A student performs the reaction below in three experiments studying initial concentrations and initial rates. The data is summarised in the table below. Show all your work.
2 NO(g) + Br2(g) → 2 NOBr(g)
a. What is the order of this reaction with respect to NO? ____
b. What is the order of this reaction with respect to Br2? ____
c. What is the overall order of this reaction? ____
d. What is the rate law constant, k, for this reaction? (Be sure to include the value and the units.)
[NO] [Br2] Rate (mol/L·s)
0.80 0.50 0.17
1.60 0.50 0.34
0.80 1.00 0.68
rate = k(NO)^x (Br2)^y where x and y are the orders for NO and Br2 respectively. You want to look in the table and find two concentrations that are the same. For (NO) I see trials 1 and 3. So that part looks this way.
rate 3 = k3(NO)^x(Br2)^y
----------------------------------(this is a fraction. Top numerator;lower denomin
rate 1 = k1(NO)^x(Br2)^y
Substitute 0.80 for NO in numerator and denominator, Substitute 1.00 for (Br2) for numerator and 0.50 for (Br2) in denominator. Substitute the rates also. It will look like this.
rate 3 = k3(NO)^x(Br2)^y
-----------------------------------
rate 1 = k1(NO)^x(Br2)^y
0.68 = k3(0.80)^x(1.00)^y
-------------------------------------
0.17 = k1(0.80)^x(0.50)^y
You see (0.80)^x cancels. 0.68/0.17 = 4 while (1.00/0.5)^y = 2^y
This is the same reaction so k3 = k1 and that cancels and you're left with
4 = 2^y so that tells you y must be 2; therefore, the reaction is second order with respect to Br2. You can see how difficult this typing and fractions is so I won't do NO but you follow the same procdure to do that part.

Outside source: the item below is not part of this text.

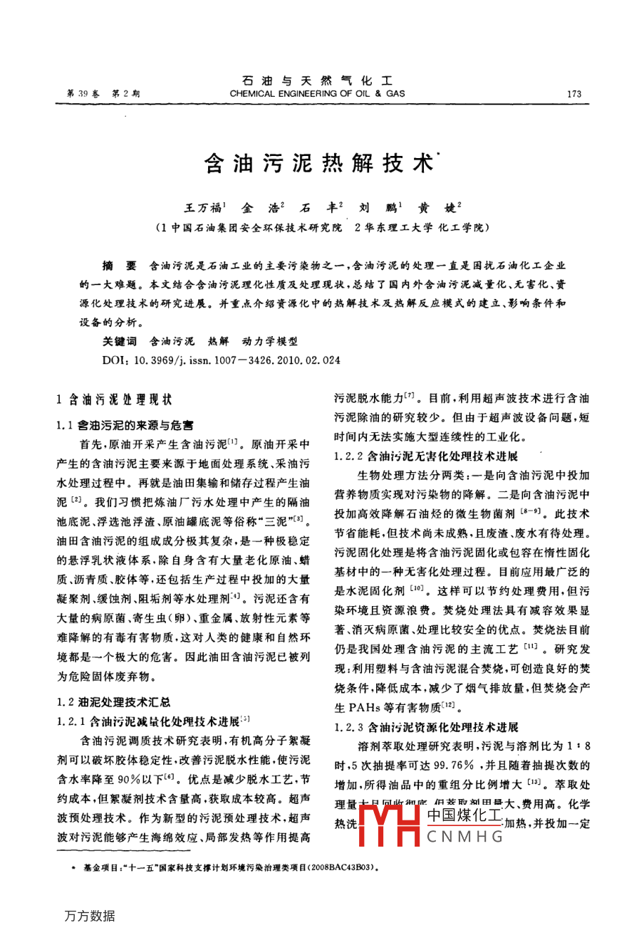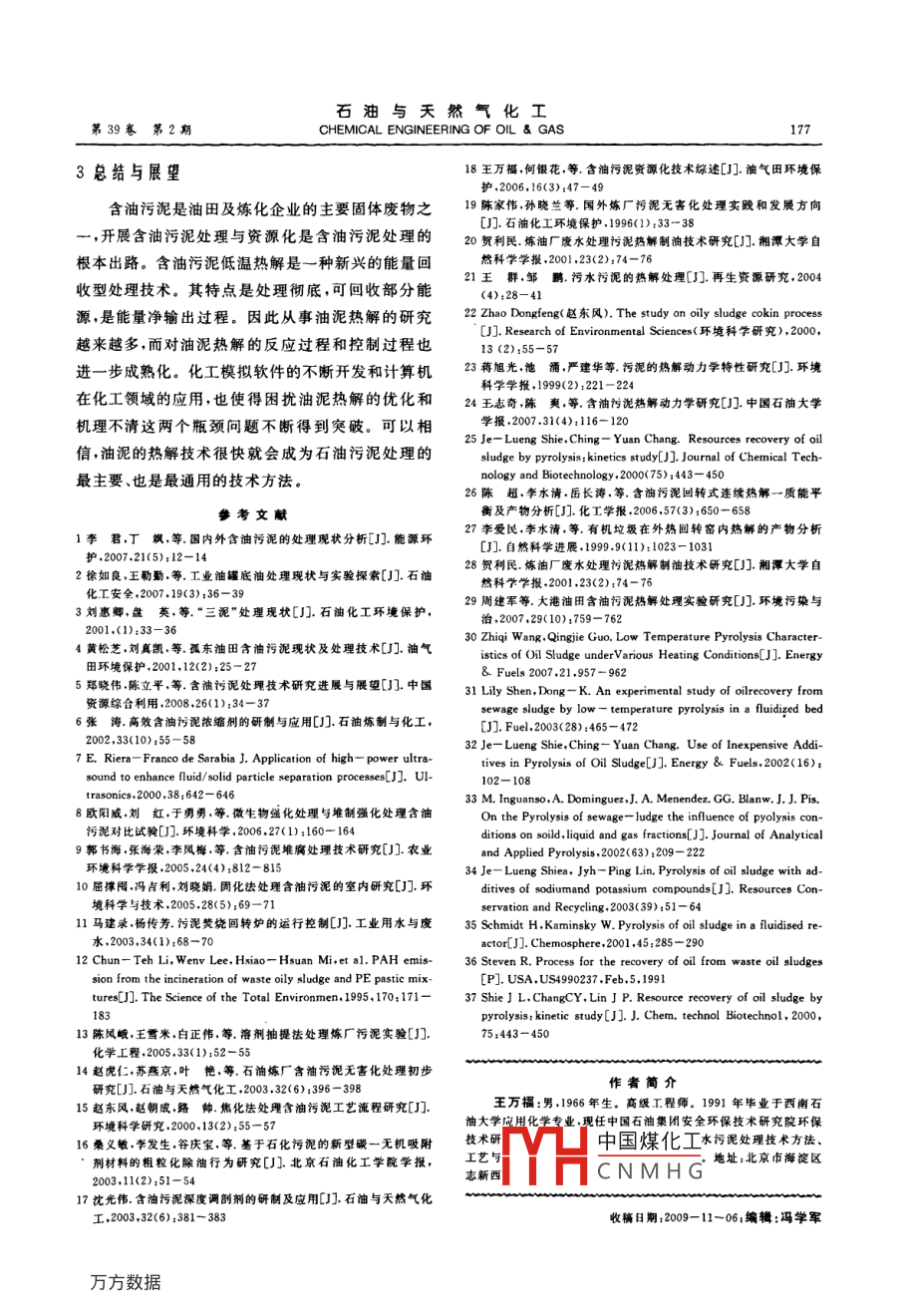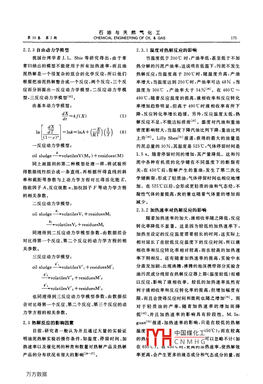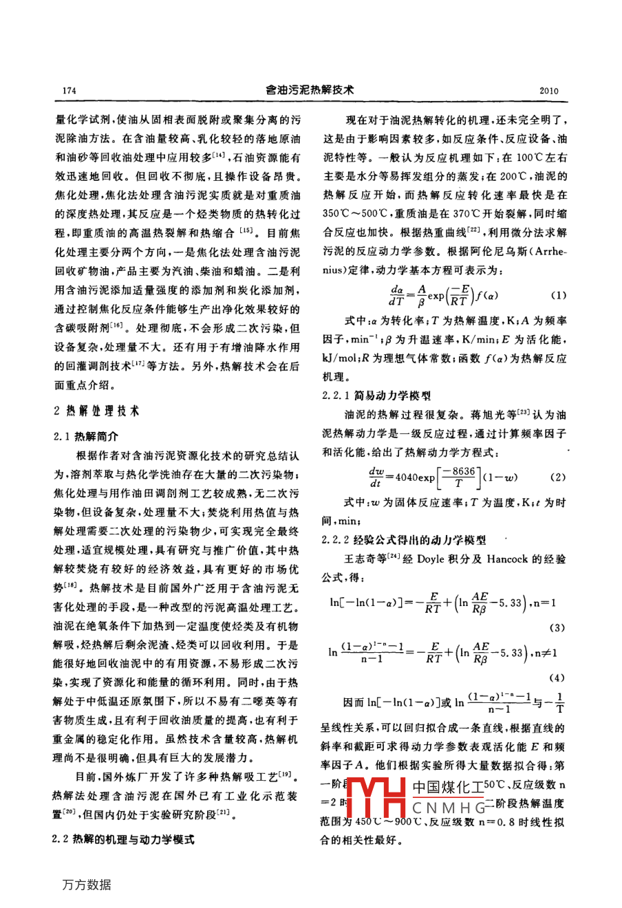 石油與天然氣化工第39卷第2期CHEMICAL ENGINEERING OF OIL GAS含油污泥熱解技術(shù)王萬福金浩2石豐2劉鵬1黃婕2(1中國石油集團(tuán)安全環(huán)保技術(shù)研究院2華東理工大學(xué)化工學(xué)院摘要含油污泥是石油工業(yè)的主要污燊物之一,含油污泥的處理一直是困擾石油化工企業(yè)的一大難題。本文結(jié)合含油污泥理化性質(zhì)及處理現(xiàn)狀,總結(jié)了國內(nèi)外含油污泥減量化、無害化、資源化處理技術(shù)的研究進(jìn)展。并重點(diǎn)介紹資源化中的熱解技術(shù)及熱解反應(yīng)模式的建立、影響條件和設(shè)備的分析。關(guān)鍵詞含油污泥熱解動力學(xué)模型DOI:10.3969/j.issn.1007-3426.2010.02.0241含油污泥處理現(xiàn)狀污泥脫水能力7。目前,利用超聲波技術(shù)進(jìn)行含油1.1魯油污泥的來源與危害污泥除油的研究較少。但由于超聲波設(shè)備問題,短首先原油開采產(chǎn)生含油污泥,原油開采中時(shí)間內(nèi)無法實(shí)施大型連續(xù)性的工業(yè)化。產(chǎn)生的含油污泥主要來源于地面處理系統(tǒng)、采油污1.2.2含油污泥無害化處理技術(shù)進(jìn)展水處理過程中。再就是油田集輸和儲存過程產(chǎn)生油生物處理方法分兩類:一是向含油污泥中投加泥(2)。我們習(xí)慣把煉油廠污水處理中產(chǎn)生的隔油營養(yǎng)物質(zhì)實(shí)現(xiàn)對污染物的降解。二是向含油污泥中池底泥浮選池浮渣、原油罐底泥等俗稱“三泥叫,投加高效降解石油烴的微生物菌劑-”)。此技術(shù)油田含油污泥的組成成分極其復(fù)雜是一種極穩(wěn)定節(jié)省能耗,但技術(shù)尚未成熟,且廢渣廢水有待處理。的懸浮乳狀液體系,除自身含有大量老化原油、蠟污泥固化處理是將含油污泥固化或包容在惰性固化質(zhì)瀝青質(zhì)、膠體等,還包括生產(chǎn)過程中投加的大量基材中的一種無害化處理過程,目前應(yīng)用最廣泛的凝聚劑緩蝕劑、阻垢劑等水處理劑”。污泥還含有是水泥固化劑0,這樣可以節(jié)約處理費(fèi)用,但污大量的病原菌寄生蟲(卵)重金屬、放射性元素等染環(huán)境且資源浪費(fèi)。焚燒處理法具有減容效果顯難降解的有毒有害物質(zhì)這對人類的健康和自然環(huán)著、消滅病原菌處理比較安全的優(yōu)點(diǎn)。焚燒法目前境都是一個(gè)極大的危害。因此油田含油污泥已被列仍是我國處理含油污泥的主流工藝m。研究發(fā)為危險(xiǎn)固體廢棄物現(xiàn):利用塑料與含油污泥混合焚燒,可創(chuàng)造良好的焚燒條件,降低成本,減少了煙氣排放量,但焚燒會產(chǎn)1.2油泥處理技術(shù)匯總生PAHs等有害物質(zhì)121.2.1含油污泥減量化處理技術(shù)進(jìn)展11.2.3含油污泥資源化處理技術(shù)進(jìn)展含油污泥調(diào)質(zhì)技術(shù)研究表明,有機(jī)高分子絮凝溶劑萃取處理研究表明,污泥與溶劑比為1:8劑可以破壞膠體穩(wěn)定性,改善污泥脫水性能使污泥時(shí),5次抽提率可達(dá)99.76%,并且隨著抽提次數(shù)的含水率降至90%以下。優(yōu)點(diǎn)是減少脫水工藝,節(jié)增加,所得油品中的重組分比例增大[。萃取處約成本但絮凝劑技術(shù)含量高獲取成本較高.超聲理量波預(yù)處理技術(shù)。作為新型的污泥預(yù)處理技術(shù),超聲熱洗波對污泥能夠產(chǎn)生海綿效應(yīng)、局部發(fā)熱等作用提高YHE茭刻田縣大、費(fèi)用高?;瘜W(xué)中國煤化工加熱,并投加一定CNMHG基金項(xiàng)目:“十一五”國家科技支撐計(jì)劃環(huán)境污染治理類項(xiàng)目(2008BAC43B03)174含油污泥熱解技術(shù)量化學(xué)試劑,使油從固相表面脫附或聚集分離的污現(xiàn)在對于油泥熱解轉(zhuǎn)化的機(jī)理,還未完全明了,泥除油方法。在含油量較高、乳化較輕的落地原油這是由于影響因素較多,如反應(yīng)條件、反應(yīng)設(shè)備、油和油砂等回收油處理中應(yīng)用較多,石油資源能有泥特性等。一般認(rèn)為反應(yīng)機(jī)理如下:在100℃左右效迅速地回收。但回收不徹底,且操作設(shè)備昂貴。主要是水分等易揮發(fā)組分的蒸發(fā);在200℃,油泥的焦化處理,焦化法處理含油污泥實(shí)質(zhì)就是對重質(zhì)油熱解反應(yīng)開始,而熱解反應(yīng)轉(zhuǎn)化速率最快是在的深度熱處理,其反應(yīng)是一個(gè)烴類物質(zhì)的熱轉(zhuǎn)化過350℃~500℃,重質(zhì)油是在370℃開始裂解,同時(shí)縮程,即重質(zhì)油的高溫?zé)崃呀夂蜔峥s合[。目前焦合反應(yīng)也加快。根據(jù)熱重曲線,利用微分法求解化處理主要分兩個(gè)方向,一是焦化法處理含油污泥污泥的反應(yīng)動力學(xué)參數(shù)。根據(jù)阿倫尼烏斯(Arhe回收礦物油,產(chǎn)品主要為汽油、柴油和蠟油。二是利nius)定律,動力學(xué)基本方程可表示為:用含油污泥添加適量強(qiáng)度的添加劑和炭化添加劑,f(a)通過控制焦化反應(yīng)條件能夠生產(chǎn)出凈化效果較好的含碳吸附劑6。處理徹底,不會形成二次污染,但式中:a為轉(zhuǎn)化率;T為熱解溫度,K;A為頻率設(shè)備復(fù)雜處理量不大。還有用于有增油降水作用因子,minB為升溫速率,K/min;E為活化能,的回灌調(diào)剖技術(shù)等方法。另外熱解技術(shù)會在后kJ/moR為理想氣體常數(shù);函數(shù)f(a)為熱解反應(yīng)機(jī)理。面重點(diǎn)介紹。2.2.1簡易動力學(xué)模型2熱解處理技術(shù)油泥的熱解過程很復(fù)雜。蔣旭

c. Overall order is order for NO + order for Br2 = 1 + 2 = ?
d. To determine the rate law constant k, take ANY trial, substitute the values for NO, Br2, exponents for x and y and rate into the generic rate law equation and calculate k. The equation to use is:
rate = k(NO)^x (Br2)^y where x and y are the orders for NO and Br2
Post your work if you get stuck.
To determine the order of the reaction with respect to NO and Br2, we need to compare the effect of changing the initial concentration of each reactant on the reaction rate. We can use the method of initial rates to do this.
The general rate law equation for a reaction is:
rate = k[NO]^x[Br2]^y
where k is the rate constant, [NO] is the concentration of NO, [Br2] is the concentration of Br2, and x and y are the orders of the reaction with respect to NO and Br2, respectively.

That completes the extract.